The Australian Government shows how not to do research about how to treat diabetes

Medicopolitical

By David Glance

5 Jun 2015

In an attempt to improve the treatment of diabetes, the Australian Government has completed a $34 million research project investigating the effectiveness of new methods of care coordination, enhanced through the use of technology. The research was not carried out by university or medical research institute based researchers but instead was coordinated by a consulting firm, McKinsey Pacific Rim. They worked with a range of health authorities, private companies, GP medicare locals and some academics in Victoria, New South Wales, South Australia and Queensland.

The nearly 3 year long project established that eHealth, care coordination and targeted funding produced only marginal outcomes in the control of diabetes. The group that received the most intervention achieved a 0.2% absolute fall in their levels of HbA1c, a longterm measure of blood sugar, which according to the study’s analysis, was statistically significant.

This was hardly a stunning result for such a large-scale project. The theory was that patients with diabetes were not receiving systematic care through GP coordinated care plans actioned through a team of health professionals. According to the report:

“In 2009–10, only 18 percent of Australians with diabetes had a claim made by their GP for an annual cycle of care. It has also been estimated that the relevant clinical guidelines are not followed in 37 percent of diabetes-related clinical encounters”

The study was supposed to be a randomised clinical trial (RCT) that divided patients into one of three groups. The “control” group continued to receive “normal” care. That is, the treatments they were receiving from their GP was not subjected to the “improvements” implemented by the study. The first treatment group (Group 1) had their care coordinated by an electronic care coordination system, along with improvements in the care based on information derived from that system. The second treatment group (Group 2) received the same treatment as Group 1 but in addition had a dedicated care coordinator and specific funding for treatment and incentive payments to health professionals in the care team.

Theoretically, the results of the 18-month study would show that any differences between the treatment groups and the control group were because of the added services and payments.

Right from the outset however, the study was flawed because the randomisation process was not, in fact, random.
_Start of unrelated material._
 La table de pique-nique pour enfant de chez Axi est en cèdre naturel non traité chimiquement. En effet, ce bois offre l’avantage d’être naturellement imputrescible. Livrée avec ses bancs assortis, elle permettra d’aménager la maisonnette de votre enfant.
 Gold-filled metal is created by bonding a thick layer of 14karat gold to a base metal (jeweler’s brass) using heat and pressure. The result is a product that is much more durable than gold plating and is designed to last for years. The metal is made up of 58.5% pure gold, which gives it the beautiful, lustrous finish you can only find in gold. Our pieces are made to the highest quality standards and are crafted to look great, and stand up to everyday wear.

It was the GP practices, rather than patients, that were allocated to the groups and this was done with an additional constraint that care coordinators needed to be able to coordinate patients from multiple practices in the same area. Drop outs from the study were uneven and this occurred after the randomisation process, again potentially skewing the baseline randomisation. The outcome of this process was that there were statistical differences between the groups at baseline. Problematically, the differences were in the types of diabetes (type 1 versus type 2), co-morbidities (other conditions separate from the diabetes), diabetes risk level, private health insurance and english language proficiency and ethnicity. In other words, the groups were not made up of the same types of patients.
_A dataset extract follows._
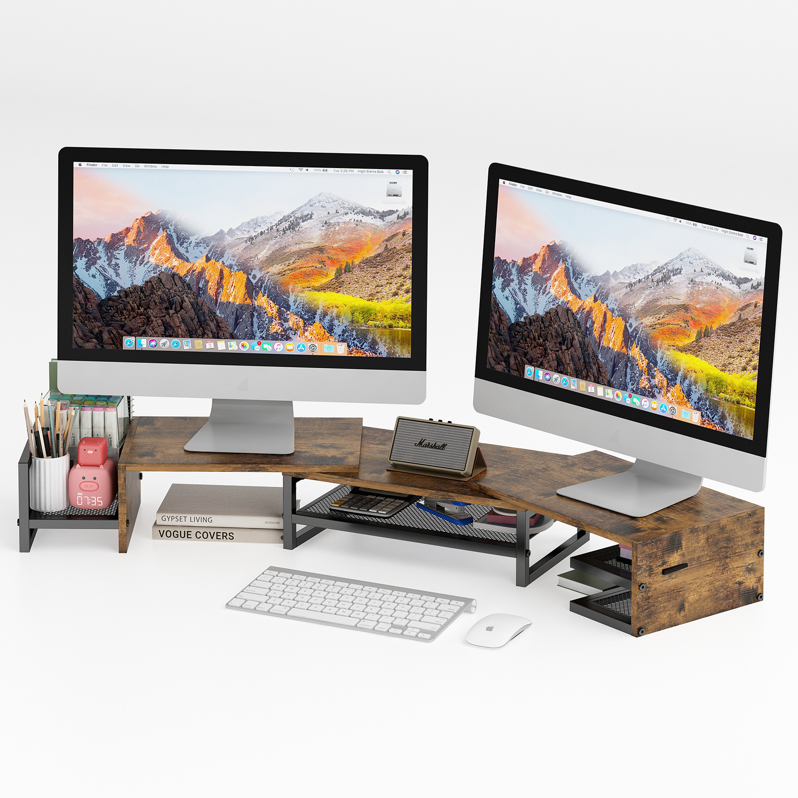 국경 간 표준 부품 듀얼 스크린 컴퓨터 높이 조절 테이블 메이크업 보관함 파일 보관함 문구 카운터 정리

When there are statistical differences between groups at the start of a study, it is next to impossible to say anything meaningful about statistical differences at the end of it. In this case, at the end of the study, the results showed no statistical difference in any of the measures between Group 1 and the control group. Group 2 showed a statistical compared with the control group in the improvement of blood sugar, but this difference was only 0.19%. Group 2 also showed some statistical but very small improvements in measures of depression and attitudes to self-management and continuity of care.

What was possibly remarkable about the results was that after 18 months, there were no (or very little) improvements in any of the groups in the area of weight, blood pressure and other biochemical measures. This is worrying considering that the patients at the start were largely obese and had high rates of high blood pressure, blood sugar and cholesterol.

What this indicates is that normal treatment practice, let alone any attempts to coordinate care, are largely ineffective in the management of diabetes in Australia.

If this study had been proposed through the normal grant funding review process of the NHMRC, it would never have been funded. For a start, $34 million is the scale of funding normally only requested for entire research centres rather than single research projects. More to the point, the study’s fundamental flaws would have been picked up on review and it would never have passed that scrutiny. There is a reason that peer-reviewed grant funding is held in such high regard in the scientific community and that is that it demonstrates that the project will achieve the outcomes it sets out to achieve on accepted scientific best practice. This study fell far short of this bar and demonstrated emphatically that uncompetitive researchers in government departments or consultant companies shouldn’t be conducting scientific research funded by the taxpayer.

DISCLOSURE

David Glance has been involved in a clinical platform and receives funding from its sale. David Glance has received funding from the Department of Health and Ageing in the past.